What this task involves:
Quote all of the data exactly as given. Skip every picture it contains.

[Saved data entries]
==============================

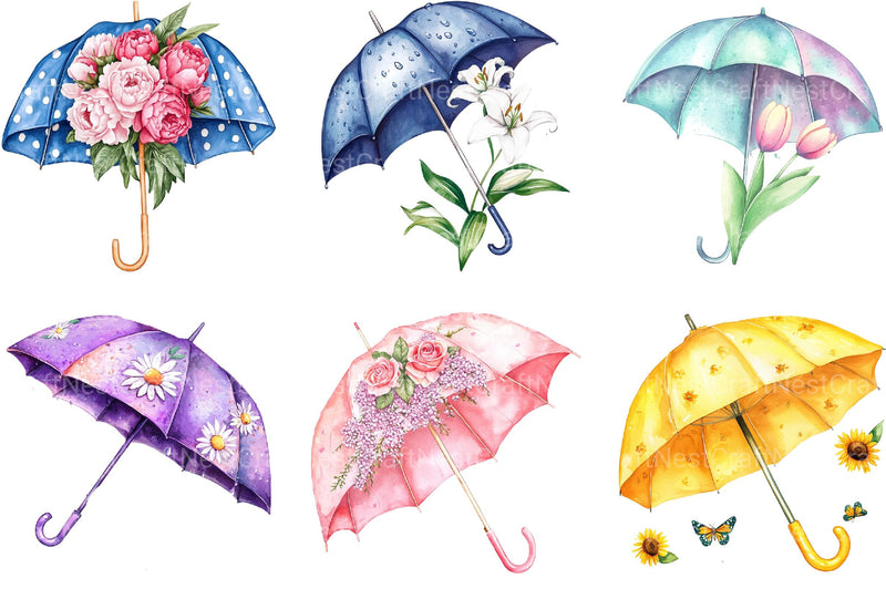 Bloom with this Spring Flowers Umbrella Clipart Bundle, featuring floral umbrella designs, ideal for spring crafts.
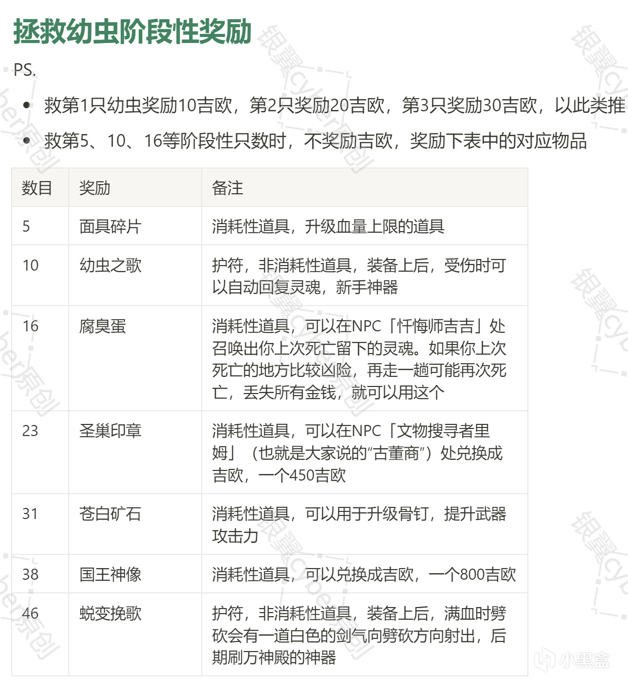 本攻略路線相對更合理,不會缺錢(全程吉歐餘額管理,按至少都能有的餘額來算,你的錢只會比我的多,不會少),升級快(血量、靈魂、骨釘),全程有地圖導航,不會迷路,有裝備建議和BOSS打法。
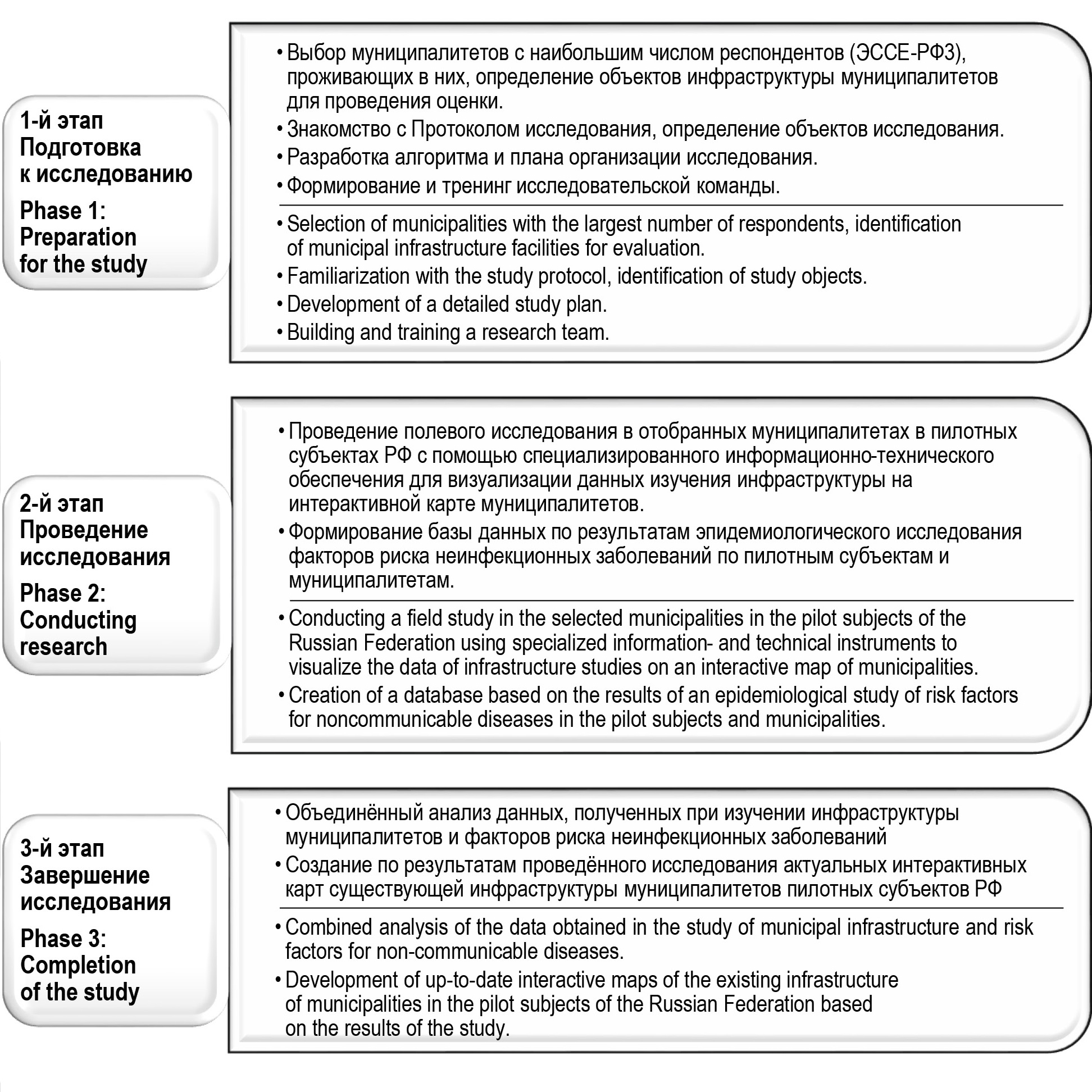 Fig 2. Stages of research in pilot subjects of the Russian Federation.
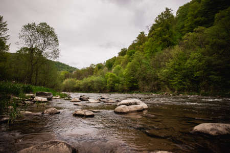 Mountain river flowing through the green forest. ukraine
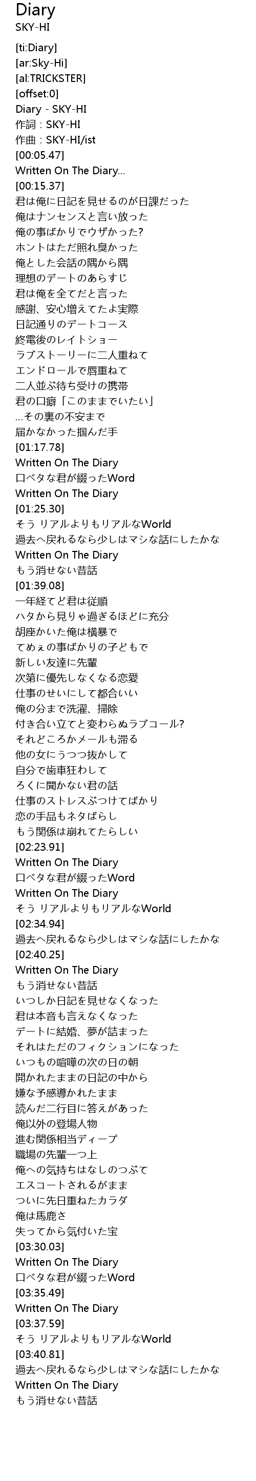 | [00:33.57] | 君は俺に日記を見せるのが日課だった |
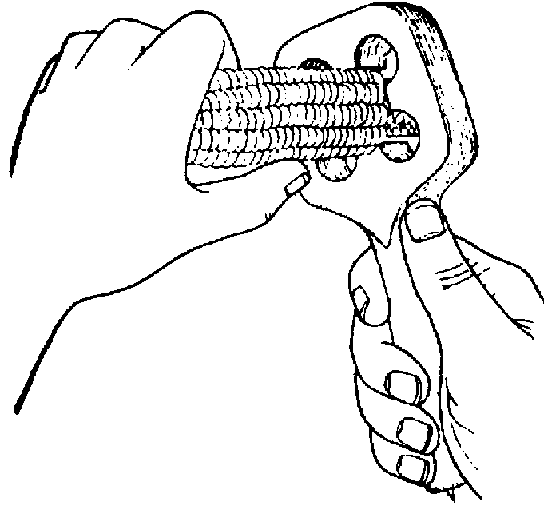 Máquina desgranadora manual de madera: El modelo mostrado en el dibujo fue desarrollado por el Instituto de Productos Tropicales (Tropical Products Institute) y produce más o menos 80 kg/hora. (Los diseños son disponibles por medio de la Oficina Para la Colección y el Intercambio de Información.) Otros tipos de desgranadores manuales son disponibles comercialmente. Las mazorcas tienen que ser descacaradas primero.
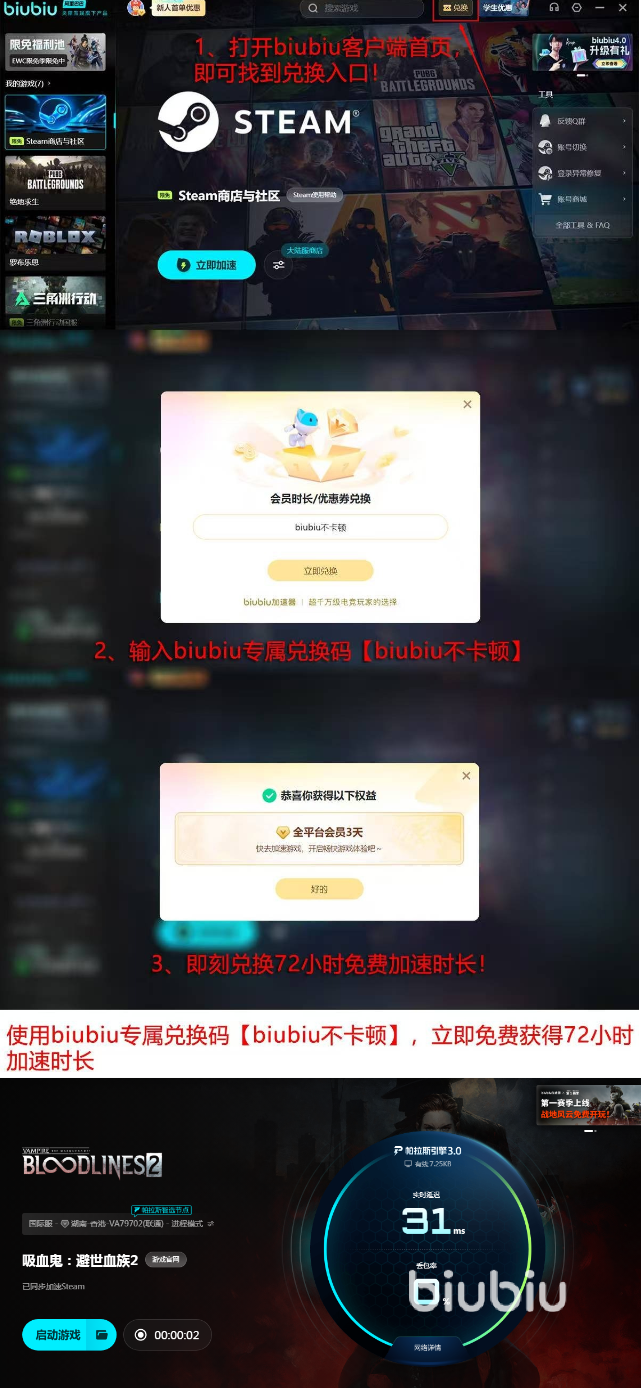 值得夸贊的是這個應用為新用戶考慮到的地方非常多,比如有些玩家擔心會亂花錢,畢竟有些應用是需要付費才可以使用提速服務的,大家擔心花了錢之后,但是效果達不到自己的預期,而biubiu就可以很好的處理這一方面,給新用戶提供24小時免費提速服務,新人在注冊成功時就可以收到,平臺自動打到大家的賬戶之中。同時平臺還給所有人提供三天體時長,這是針對小伙伴們個人的休息時間而定的,需要大家在指定區(qū)域通過【biubiu不卡頓】領取兌換。
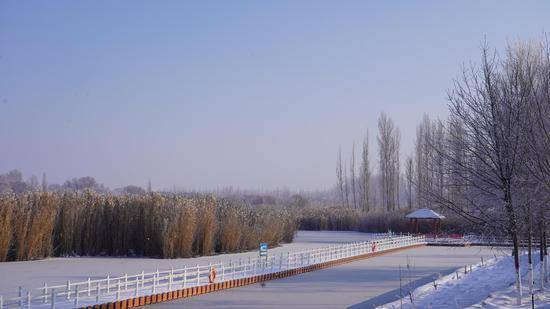 雪后的吉木萨尔北庭国家湿地公园,水面初凝,薄冰似镜,几只赤麻鸭、绿头鸭在水中悠然畅游。芦苇、树木更是被层层雾凇包裹,在阳光照耀下,如玉树琼花闪耀着洁白的光芒。微风吹过,树枝摇曳,簌簌作响,俨然一副生态良好的冬日美丽画卷。
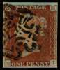 1841 1d red-brown Plate 11. Very fine used four-margined example lettered MI, neatly cancelled by a crisp strike of the distinctive Wotton-under-Edge MC in black. A lovely example of this rare distinctive MC. Spec. AS74ue. Ex Buranasombati. 1986 RPS Certificate
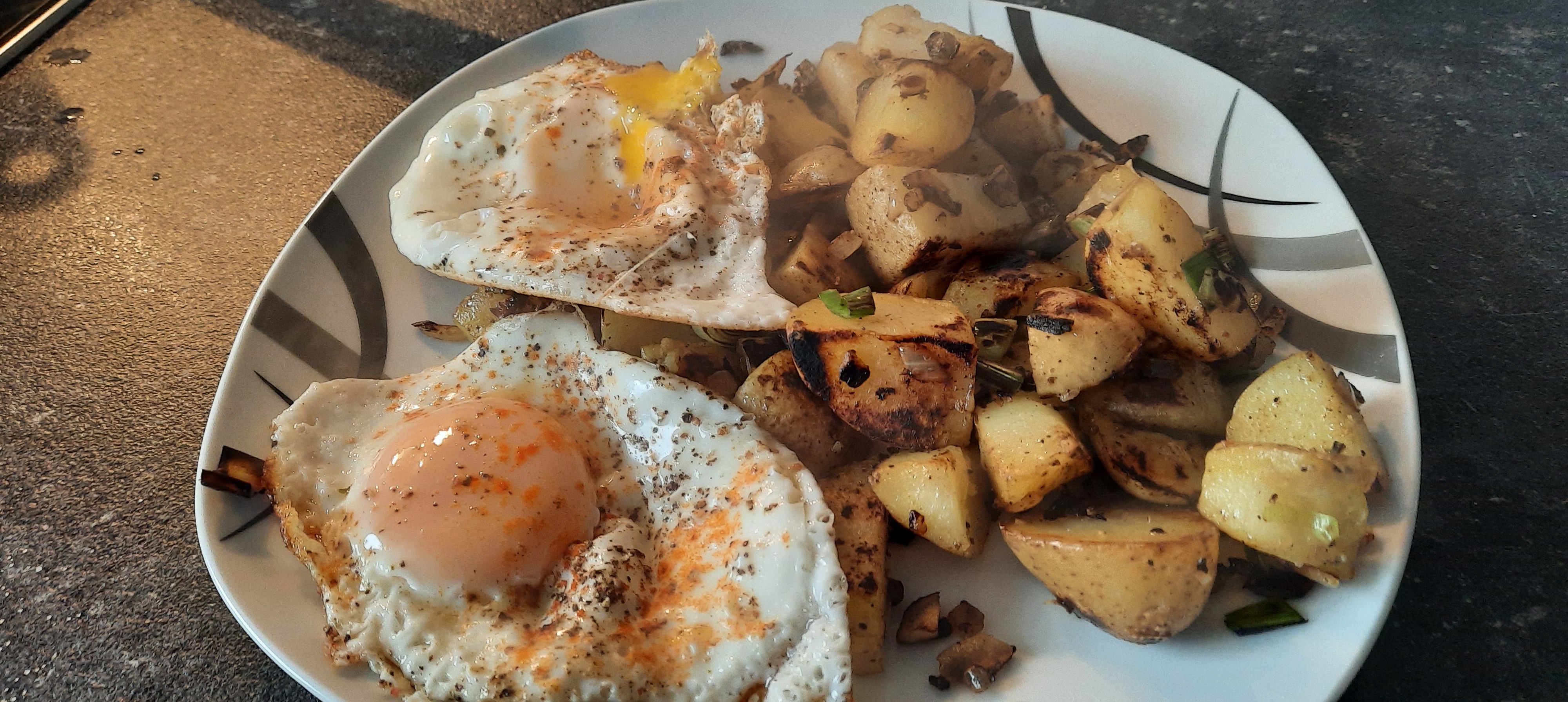 Das Schöne am Arbeiten zuhause ist, das man sich ein vernünftiges frisches Mittagessen kochen kann….Bratkartoffeln aus Pellkartoffeln mit Spiegelei…

==============================

Completed task:
 Bloom with this Spring Flowers Umbrella Clipart Bundle, featuring floral umbrella designs, ideal for spring crafts.
 本攻略路線相對更合理,不會缺錢(全程吉歐餘額管理,按至少都能有的餘額來算,你的錢只會比我的多,不會少),升級快(血量、靈魂、骨釘),全程有地圖導航,不會迷路,有裝備建議和BOSS打法。
 Fig 2. Stages of research in pilot subjects of the Russian Federation.
 Mountain river flowing through the green forest. ukraine
 | [00:33.57] | 君は俺に日記を見せるのが日課だった |
 Máquina desgranadora manual de madera: El modelo mostrado en el dibujo fue desarrollado por el Instituto de Productos Tropicales (Tropical Products Institute) y produce más o menos 80 kg/hora. (Los diseños son disponibles por medio de la Oficina Para la Colección y el Intercambio de Información.) Otros tipos de desgranadores manuales son disponibles comercialmente. Las mazorcas tienen que ser descacaradas primero.
 值得夸贊的是這個應用為新用戶考慮到的地方非常多,比如有些玩家擔心會亂花錢,畢竟有些應用是需要付費才可以使用提速服務的,大家擔心花了錢之后,但是效果達不到自己的預期,而biubiu就可以很好的處理這一方面,給新用戶提供24小時免費提速服務,新人在注冊成功時就可以收到,平臺自動打到大家的賬戶之中。同時平臺還給所有人提供三天體時長,這是針對小伙伴們個人的休息時間而定的,需要大家在指定區(qū)域通過【biubiu不卡頓】領取兌換。
 雪后的吉木萨尔北庭国家湿地公园,水面初凝,薄冰似镜,几只赤麻鸭、绿头鸭在水中悠然畅游。芦苇、树木更是被层层雾凇包裹,在阳光照耀下,如玉树琼花闪耀着洁白的光芒。微风吹过,树枝摇曳,簌簌作响,俨然一副生态良好的冬日美丽画卷。
 1841 1d red-brown Plate 11. Very fine used four-margined example lettered MI, neatly cancelled by a crisp strike of the distinctive Wotton-under-Edge MC in black. A lovely example of this rare distinctive MC. Spec. AS74ue. Ex Buranasombati. 1986 RPS Certificate
 Das Schöne am Arbeiten zuhause ist, das man sich ein vernünftiges frisches Mittagessen kochen kann….Bratkartoffeln aus Pellkartoffeln mit Spiegelei…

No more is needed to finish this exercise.